Click play. The calendar above flashes in sync.

What the schedule admits

Only six of the 16 disciplines log any training sessions in the public schedule, and they are exactly the high-speed gravity sports plus alpine. Luge sessions are 64.2% training, bobsleigh 61.0%, skeleton 57.1%. The other ten sports report zero training — not because they don't train, but because their training never reaches the public IOC schedule.

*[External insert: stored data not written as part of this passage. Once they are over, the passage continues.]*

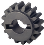
Pinion Z16 for rack
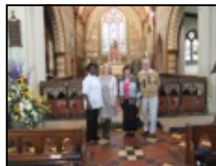
Visiting the Church
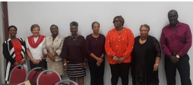
2019 Board Members
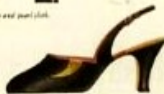
For you same looking won't hang in stock.

• Say to your toes: "Come on, toes! Let's get practical. Let's decide which of these Daniel Green slippers we must have. Shall we get the Sandpiper for outdoor lounging? Or do we need silk ones for Bridge time first? What about color? Are you partial to a match or a contrast note? Whatever you decide suits me. Daniel Green slippers are smart either way. Too bad we can't have every slipper Daniel Green makes! But we'll see to it that Daniel Green makes every slipper we have. No one . . . anywhere . . . ever did a better job."
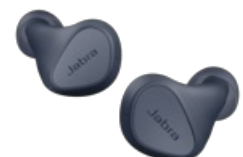
Jabra Elite 3 - Navy
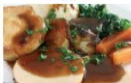
Quorn roast, stuffing, gravy, mashed potato &amp; Yorkshire pudding
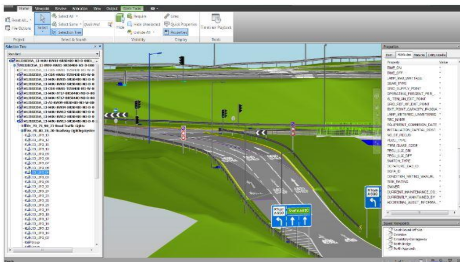
Figure 2: Screenshot of the M1J33 BIM Model (Mouchel Consulting,2015)

January – April 2014. The project team worked with the management team and supply chain through collaborative monthly workshops, to develop the model which contains detailed design and contractual information, existing management asset data, pavement data, as-built information and the contents of the Health and Safety File. Good collaborative relationships were maintained throughout the development and construction phases of the project between all parties. This led on to a smooth handover of the scheme into maintenance, due in part to the development of the BIM model. The model is now being used as an asset maintenance tool for the first time in the country. Important lessons learned include; (i) current HE databases are very high level and do not capture the granularity of data available, as required by the maintainers, (ii) further work is needed to capture all stakeholder requirements, so that a comprehensive recording system can be developed, which will enable maintainers and stakeholders to better interrogate and use captured data.
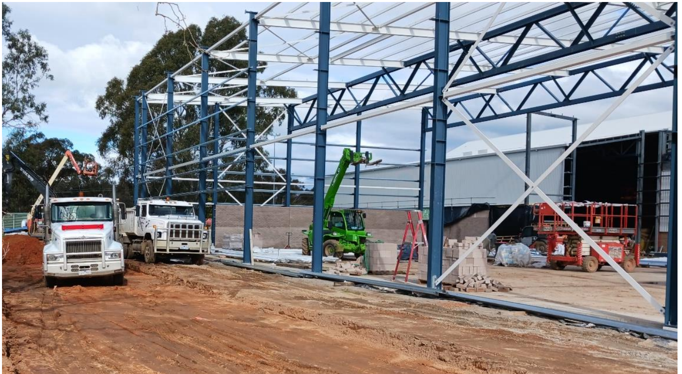
Emergency access road works (11 th September)

Five sessions in the entire dataset carry an "estimated_start" flag — every single one in luge, where weather windows on the iced track make exact start times provisional.

Together these are the schedule's small admissions: that an Olympic Games is not 1,866 equal events, but a layered document about which sports are public, which gold medals are concentrated, and which valleys carry the weight of two weeks of attention.